I used to say that I thought a stroller would be the worst part of parenthood, and I meant it, inasmuch it was a bad thing that I could tangibly imagine, from back when I used had a job babysitting an 18-month-boy in Montreal that required me to push him around in an awkward BabyJogger (one time he fell out of it, I still feel bad about that, I hope he’s OK, if only I remembered his name I would google him).
And it’s true, a stroller is bad, bulky and irritating when you’re used to moving at speed. But what is worse, perhaps, is that every kind of baby transport is hard. The thing that I have loved so much about living in a city until now — the car-free freedom — is now so limiting with the addition of a person who weighs about 15 pounds. If I know you in life and you haven’t seen me, I apologize, I really do, I thought I would be the kind of mother who darts cheerfully around the city with my pleasant child in tow, but the truth is that though he is pleasant (you know, in my opinion, of course I think that) and I am pretty cheerful, at this stage in the game any travel beyond the perimeter of our neighborhood feels like an onerous project.
At the weekend we were going to New Jersey for one night, to see our friends in a place that is, to be clear, only seventeen miles away. Not far.

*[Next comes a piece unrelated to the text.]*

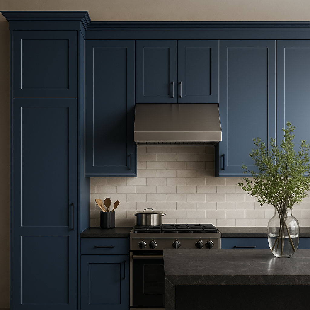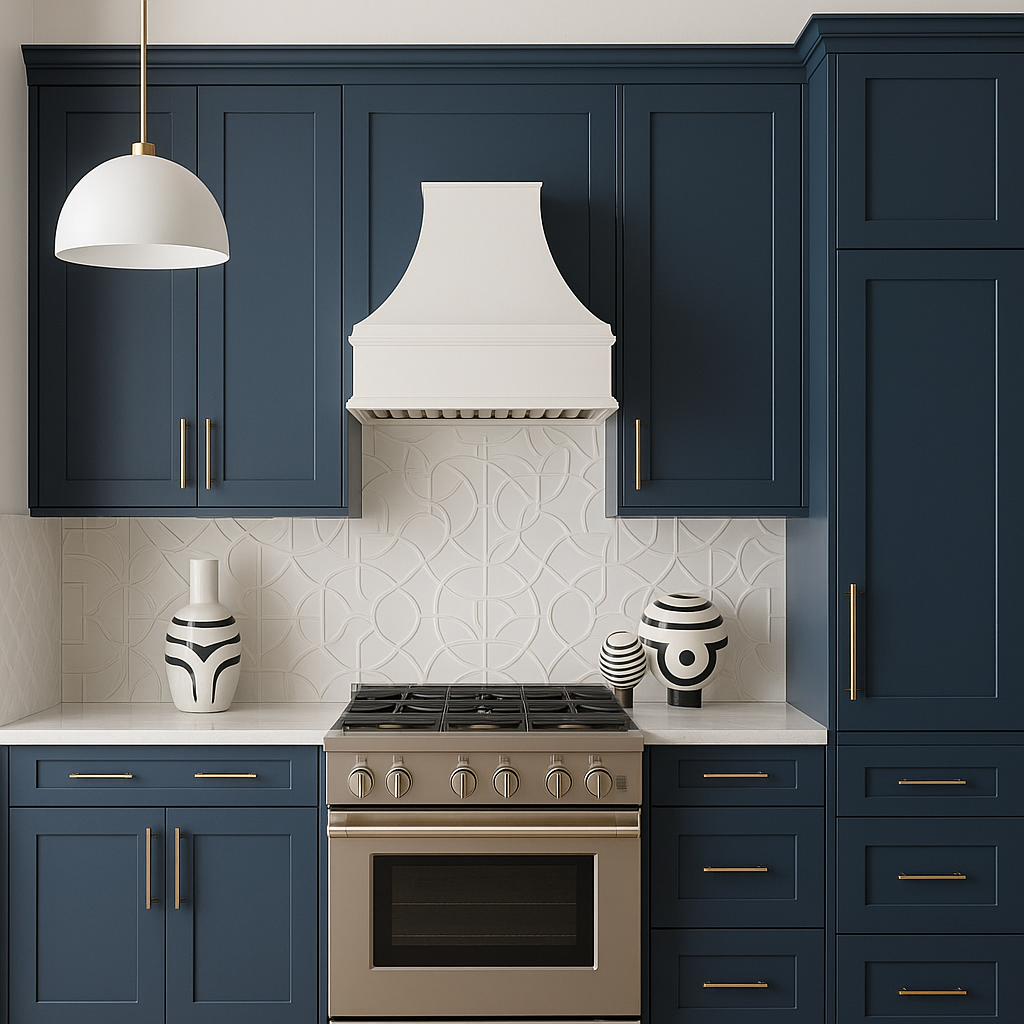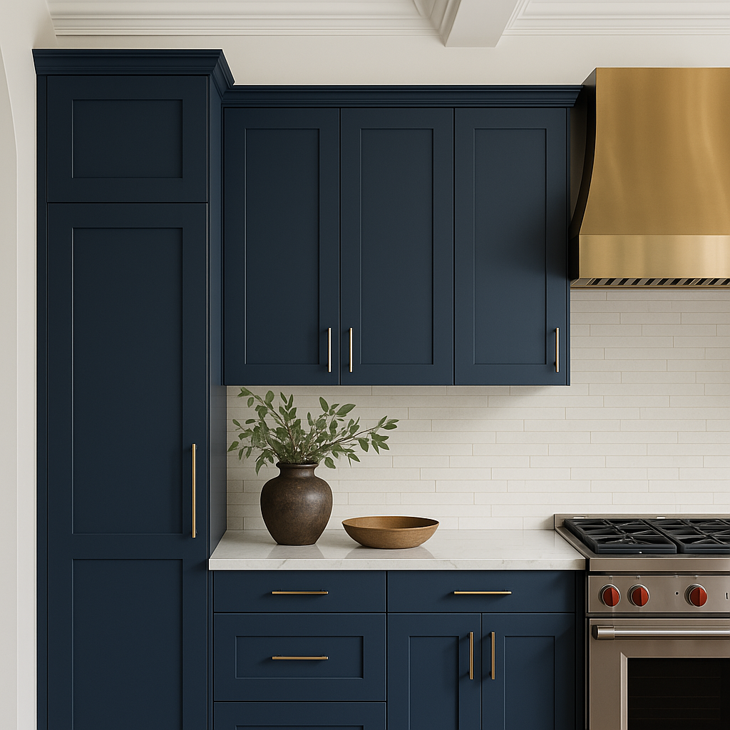 - Elegant Design: Deep blue thermofoil finish with contrasting white back panel.

At 1:30 the baby and I got out of swimming class (another story) and E said, Oh, we need to get a car to the train station at quarter past 3, and I snapped, That’s not going to happen, and E said, in his kind and reasonable tone, Well, let’s really try. At quarter past 3 we were ready but when the app indicated that we would arrive at the station with 5 minutes until the train departed I bellowed WE ARE NOT GOING TO MAKE IT and that began the cascade into crisis.
First, we had an argument about the cost of a ZipCar, and then I tried to storm out of the building, which was out of proportion, and then we agreed that we would just pay for it. But then when we got to the car there was something wrong, it couldn’t be driven. E called the company and they said, Sorry, but don’t worry, we can give you another car, it’s just 7 miles away! and E said, Do you have any idea how far that is in New York City?? and then I said, OK, I’m calling an Uber, and we will take a bus.
At the Port Authority Station we climbed out of the car and popped up the stroller and everything seemed OK and then E realized that he had dropped his phone in the gutter. In the Port Authority gutter! If you’re not familiar with the Port Authority just know, that’s not a good gutter. He wrapped it in a brochure for a Broadway show and then we proceeded to an elevator, and then just as I got in with the baby and the stroller (thank god I had the stroller!) E, who had now reached a level of stress that I had last witnessed when I was having a Caesarean section, said: I have to wash my hands, they have touched this gutter phone!
So there we were, me and the baby, on our own in the Port Authority. The baby was crying and I was singing his favorite song, ‘I’ve Been Working on the Railroad’ and I was thinking to myself, Everyone knows you should never split the group! and of course it was the wrong elevator, and so I rode back up into it and figured out where the bus was departing from and then walked through the station to the other elevator whilst singing ‘Someone’s in the kitchen with Di-NAH’ and rode down to the bus gate and there was E, with his gutter phone in the queue for the bus, and I joined him and I said in maybe not the kindest of voices: This is probably the worst day of our marriage so far! and he said, Yes! and then we sort of laughed because, of course, that makes us very lucky.